O Ministério Público interpôs recurso obrigatório, ao abrigo da alínea a) do n°
1 do artigo 70° da Lei do Tribunal Constitucional, concluindo do seguinte modo:
1 – A norma constante do artigo 116° do Código de Processo Penal deve ser
interpretada em conformidade com a Constituição, não comportando o
sancionamento, com multa processual, da testemunha faltosa que foi válida e
regularmente prescindida pela parte ou sujeito processual que a arrolou, sem que
o juiz haja determinado a sua comparência para inquirição oficiosa.
2 – Na verdade, neste caso seria desproporcionada a imposição de multa a quem,
com a sua falta, nenhum prejuízo determinou para o andamento do processo,
constituindo “justificação” da falta a própria declaração de renúncia à
inquirição.
Cumpre apreciar.
2. Na decisão recorrida, foi recusada a aplicação do artigo 116°, n° 1, do
Código de Processo Penal, quando tal preceito seja interpretado no sentido de
determinar a aplicação de uma sanção processual à testemunha faltosa da qual o
sujeito processual que a apresentou prescindiu.
Quando o sujeito processual prescinde da testemunha que arrolou, a comparência
desta perde utilidade. Com efeito, se o sujeito não pretende, renunciando, o
depoimento dessa testemunha, e se não existem razões para ordenar a sua
inquirição oficiosamente, nenhuma razão existe para exigir a respectiva
comparência.
Nessa medida, a falta da testemunha da qual o sujeito processual prescinde não
pode obrigar à imposição de uma consequência sancionatória, quando tudo indica
que a sua comparência seria inútil.
De resto, é esta a solução do Código de Processo Civil, que no artigo 651º, n°
6, determina que não será necessário justificar a falta da “pessoa de cuja
audição prescinda a parte que a indicou”.
Na verdade, o dever de comparência não existe quando a parte (ou o sujeito
processual) prescinde da testemunha, pelo que nenhuma sanção pode existir.

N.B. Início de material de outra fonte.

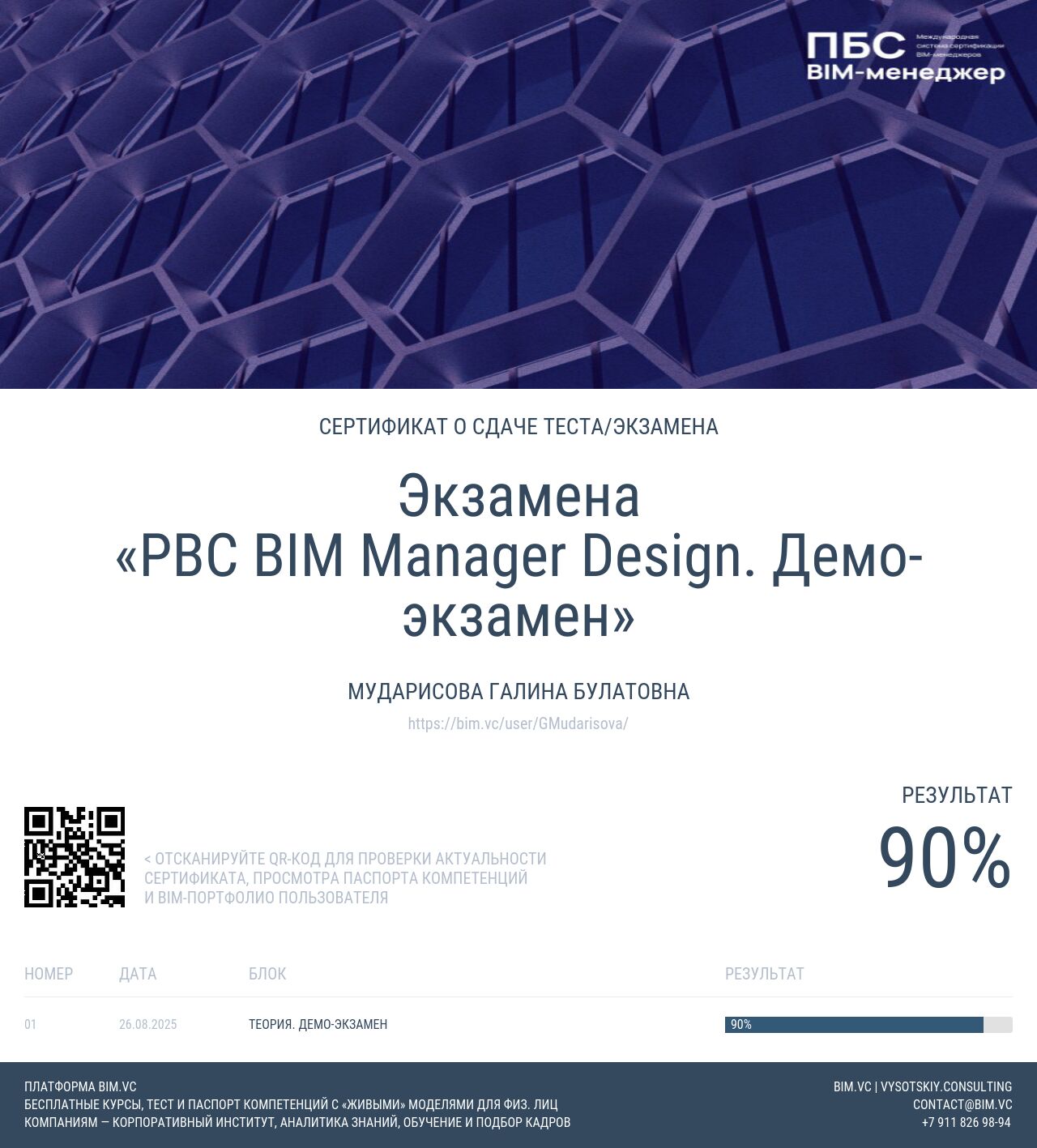 | PBC BIM Manager Design. Демо-экзамен | 90% | 26.08.2025 |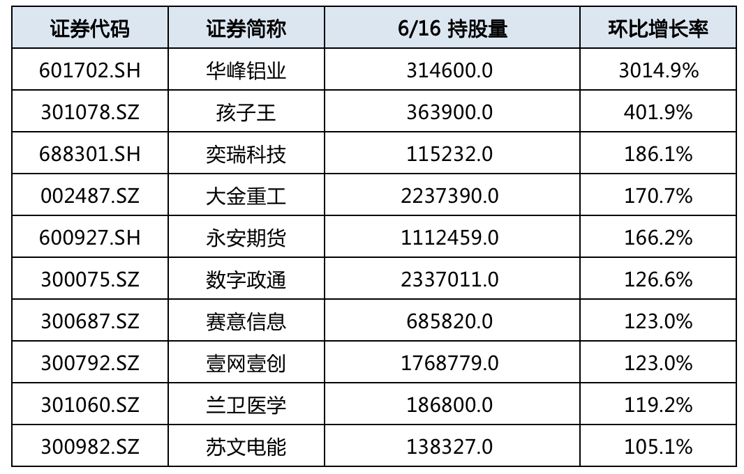 08:35【32股获陆股通增仓超50% 华峰铝业增幅最大】Wind统计显示,截至6月16日,共有892只个股获陆股通增仓。其中,持股量环比增幅在50%以上的共有32只,环比增幅最大的是华峰铝业,陆股通最新持有31.5万股,持股量较上一交易日环比增幅达3014.85%;环比增幅较大的还有孩子王、奕瑞科技、大金重工、永安期货、数字政通等股。

Veja‑se, ainda, paralelamente, a solução do n° 5 do artigo 629° do Código de
Processo Civil, de acordo com o qual também não haverá lugar à justificação da
falta da testemunha quando o julgamento é adiado por razão diversa da respectiva
falta, desde que a parte se comprometa a fazê-la comparecer na nova data.
A solução expressamente consagrada no Código de Processo Civil é evidentemente
aplicável no Processo Penal. Desde logo, por força do artigo 4° do Código de
Processo Penal, que determina a aplicação nos casos omissos das normas do
Processo Civil que se harmonizem com o Processo Penal. Mas também em razão dos
princípios gerais aplicáveis no processo penal.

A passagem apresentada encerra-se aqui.